Compute the c_d_theta_sh_h_p.

Usage

c_d_theta_sh_h_p(y, z, l, h)

Arguments

y
The potential variables. It is a matrix with column of values of a variables. It should be standardized in this application.
z
The gold standard variable. It should be standardized.
l
Linear combination. A vector.
h
The value of h falls into (n^(-1/2), n^(-1/5)).

Value

  • d.theta.sh.h.pTheta after differential.

Details

Compute the c_d_theta_sh_h_p Come from differential.

References

Chang, YCI. Maximizing an ROC type measure via linear combination of markers when the gold reference is continuous. Statistics in Medicine 2012. Obuchowski NA. An ROC-type measure of diagnostic accuracy when the gold standard is continuous-scale. Statistics in Medicine 2006; 25:481--493. Obuchowski N. Estimating and comparing diagnostic tests accuracy when the gold standard is not binary.
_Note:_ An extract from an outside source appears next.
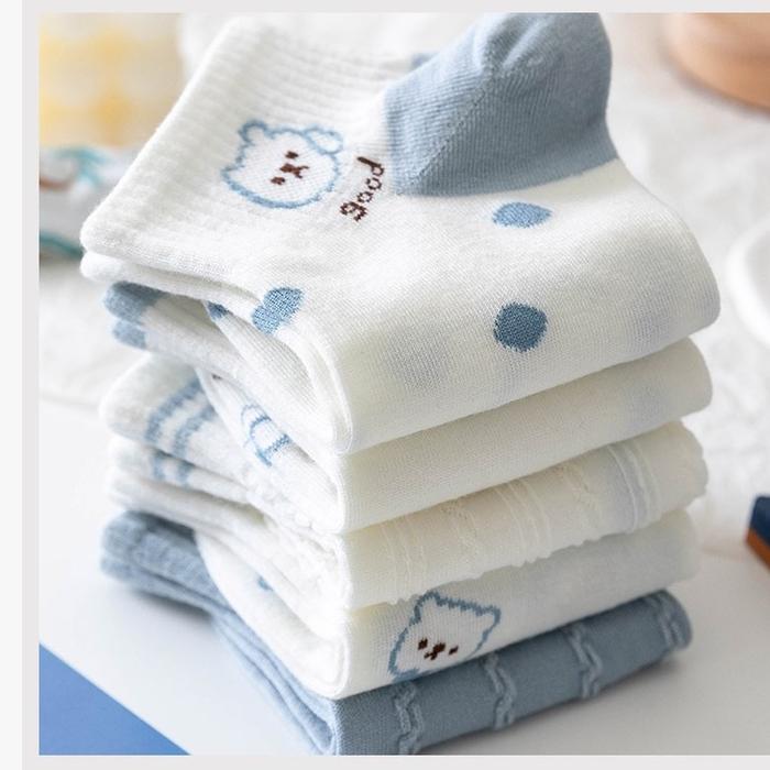 | Motif & Warna | Desain beruang biru-putih dengan garis ala Korea, lucu dan trendy |

Statistics in Medicine 2005; 20:3261--3278. Friedman JH, Popescu BE. Gradient directed regularization for linear regression and classification. Technical Report, Department of Statistics, Stanford University, 2004.

Examples

Run this code
##---- Should be DIRECTLY executable !! ----
##-- ==>  Define data, use random,
##--	or do  help(data=index)  for the standard data sets.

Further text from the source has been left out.